Nature and Scope of Hindu Law

Hindu law is not a law as understood in modern times. A law in the present sense would mean an act framed by the legislature of a State. Hindu law has not been made by legislature but it is the law made by the Divine Being and which has been re-built in the Vedas.

It is the Dharma, i.e. the duties and rules of conduct- moral, religious, and political, enjoined by the Almighty on the Hindu community. Thus, it covers all the laws which are kept separate under the modern system of law.

Thus, Hindu law as understood in the ancient times was not the command of the political sovereign of community. Rather, it was the command of the Supreme Being applicable to both- the King and his subjects, the ruler and the ruled. The King and his subjects were equally subjected to the law. In order to bring certainty to them, the laws were codified by the writers of Dhramashastra. Thus, the nature of the Hindu Law is essentially different from the laws of the land.

According to the Hindu Law, those violate the Dharma shall be destroyed and those who follow it shall be protected. This is applicable both to the King and his subject. Later on, this law was applied to the Hindus by the authority of the following:

i. Acts of the Parliament

ii. Imperial Legislation

iii. Provincial Legislation

iv. Principles of Justice, Equity and Good Conscience.

The concept of Hindu law is deeply rooted in the Hindu philosophy and Hindu religion. The ancient Hindu social structure and its continuance in modern times is, to a great extent, outcome of the Hindu philosophy and religion.

The ultimate aim of life, according to Hindu law is to achieve salvation or Moksha from the physical world. Human being is mortal but the soul is immortal. When a person dies, the soul is in a free state and it acquires a new form of re-birth. Thus the change of birth and death continue till the soul attains Moksha from this world.

According to the Dharmashastra, there are four goals of human life- Artha, Dharma, Kama and Moksha. Moksha or salvation  is the ultimate goal. As a matter of fact, Artha and Kama are concerned with this world, whereas, Dharma and Moksha are concerned with the next world. A life in accordance to Dharma leads to happiness and pleasure in this life also.

Hindu social structure is the outcome of Hindu philosophy. According to Hindu philosophy, the attainment of salvation is the ultimate goal of life and can be achieved by performing good deeds.A person suffers pain as well as pleasure in his life according to the good or bad deeds that he may have done. The entire human life is controlled by his past deeds.

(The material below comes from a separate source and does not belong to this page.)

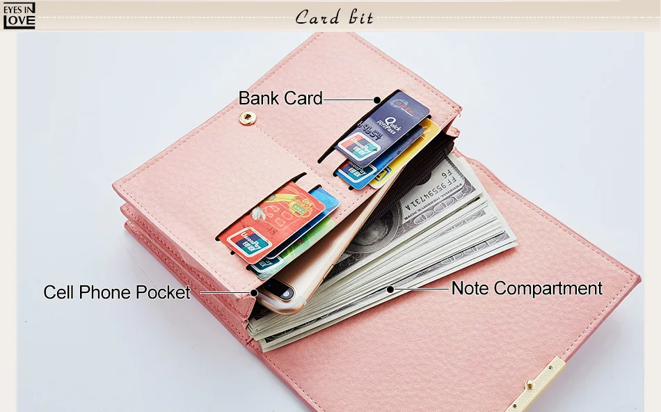 Interior:Cell Phone Pocket,Interior Compartment,Coin Pocket,Card Holder,Photo Holder,Note Compartment
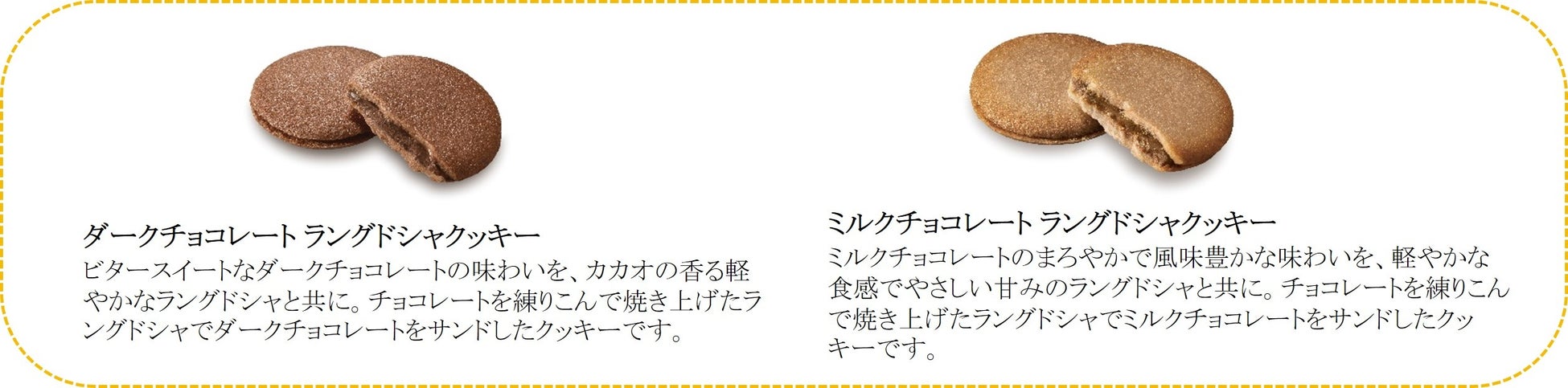 今回のリニューアルでは、サクッとした口あたりと、風味豊かなチョコレートのハーモニーはそのままに、ラングドシャ生地にチョコレートを練りこむことでチョコレート感をアップしました。ショコラティエの作るラングドシャクッキーならではのチョコレートの味わいをお楽しみいただけます。またパッケージは、より洗練されたデザインに変更しまし

The Hindu social structure may be referred alongside the concept of Ashrama- Dharma. according to Shastric concept of human life, it has been considered that the average life of a human being is a hundred years. It is to be divided into four stages of twenty five years each. The division is related to the division of the four Ashramas:

i. Brahmacharya

ii. Grihastha

iii. Vanaprastha

iv. Sanyasa.

An individual could get salvation from this physical world by performing the prescribed duties under these four Ashramas. Though the Dharma dominated all the four stages of Ashramas, yet the attainment of the other three objectives are not less essential than Dharma and the human beings should conduct their lives in accordance with Dharma.